Choose a topic that interests you (sports, music, health, environment, etc.) and design a complete supervised learning problem:

Define the question in plain language
Identify the target variable (regression or classification?)
List 5-8 plausible features
Describe what training data you would need and where you might find it
Define an appropriate baseline model
Describe potential ethical concerns
Predict whether this will be a high-signal or low-signal problem and explain why

Guidance

This is an open-ended exercise. A strong answer should demonstrate understanding of all major concepts from the chapter: clear target/feature identification, thoughtful baseline selection, awareness of bias-variance tradeoff implications (based on the number of features vs. likely data size), and consideration of ethical issues. The signal prediction should relate to how predictable the domain is — predicting physical quantities (e.g., crop yield from weather) is typically higher signal than predicting human behavior (e.g., whether someone will vote).

Exercise 25.25 — Reflection: what changes now? ⭐⭐⭐⭐

Looking back at Chapters 1 through 24, you were learning to understand data that exists. Starting now, you're learning to predict data that doesn't exist yet.

Write a reflection (3-5 paragraphs) on:

How the shift from description to prediction changes what "success" means in data analysis
Why the concepts from earlier chapters (data cleaning, visualization, statistical thinking) are still essential for modeling
One real-world prediction problem you would like to solve and how you would frame it using the vocabulary from this chapter
What concerns you most about using models to make predictions about people

Guidance

This is a reflective exercise with no single correct answer.

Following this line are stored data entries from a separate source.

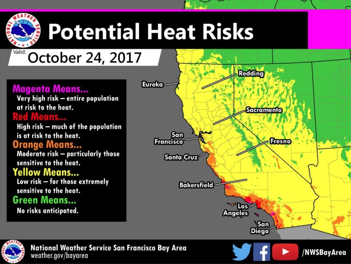 REDWOOD CITY, CA — Weather officials are warning Bay Area residents to prepare for some unseasonably hot weather in the coming days. The "rapid warming trend" is expected to peak on Tuesday, but temperatures will likely remain above normal through the end of the work week, "and perhaps into the weekend," according to the National Weather Service. Currently, it's expected to remain dry through Halloween.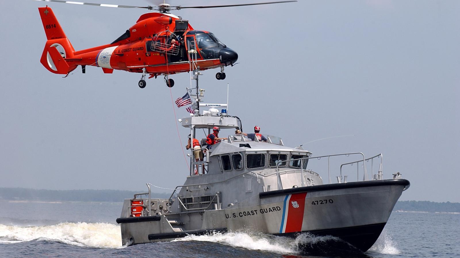 Wallpaper Helicopter and boat USCG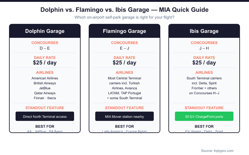 - Garage choice matters: Dolphin serves Concourses D–E; Flamingo serves Concourses E–J; Ibis serves Concourses J–H.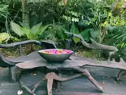Welcome to the serene infinity pool at the Healing Sanctuary, located next to the Spa and Aqua Bar. This tranquil oasis is surrounded by lush greenery, creating an enchanting atmosphere that feels like a scene from a fairy tale.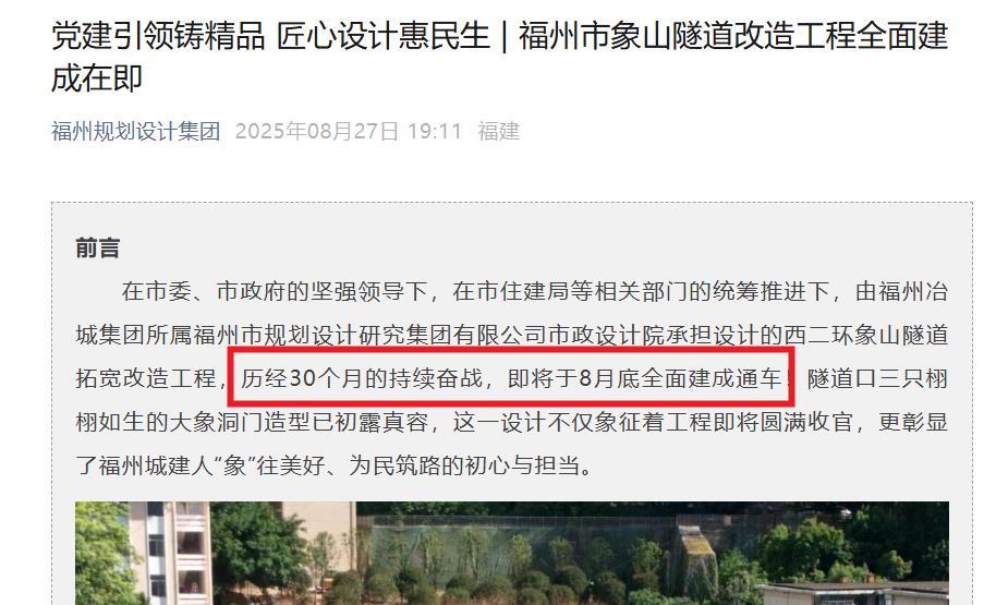 海西房产网(微信号:fjhxfcw)动静:据福州规划设想集团2025年8月27日报道,将大幅提拔西二环交通承载能力,象山地道工程从体布局全面完工。历经30个月的持续奋和,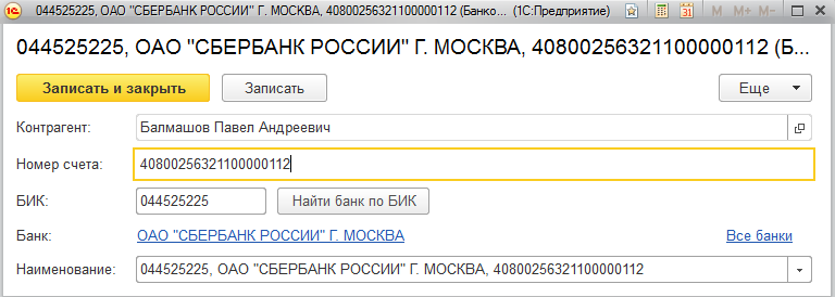 В справочнике "Банковские счета контрагентов" создадим лицевой счет данного сотрудника в Сбербанке (БИК 044525225), № счета 40800256321100000112. При вводе следует ввести БИК и нажать кнопку "Найти банк по БИК".

Strong responses will: (1) recognize that success shifts from "did I describe the data accurately?" to "does my model work on new data?" — from summary to generalization; (2) connect earlier skills to modeling — clean data produces better models, visualization reveals whether assumptions hold, statistical thinking prevents overconfidence in results; (3) clearly frame a problem with identifiable features, target, and task type; (4) engage thoughtfully with ethical concerns about bias, fairness, and the consequences of prediction errors.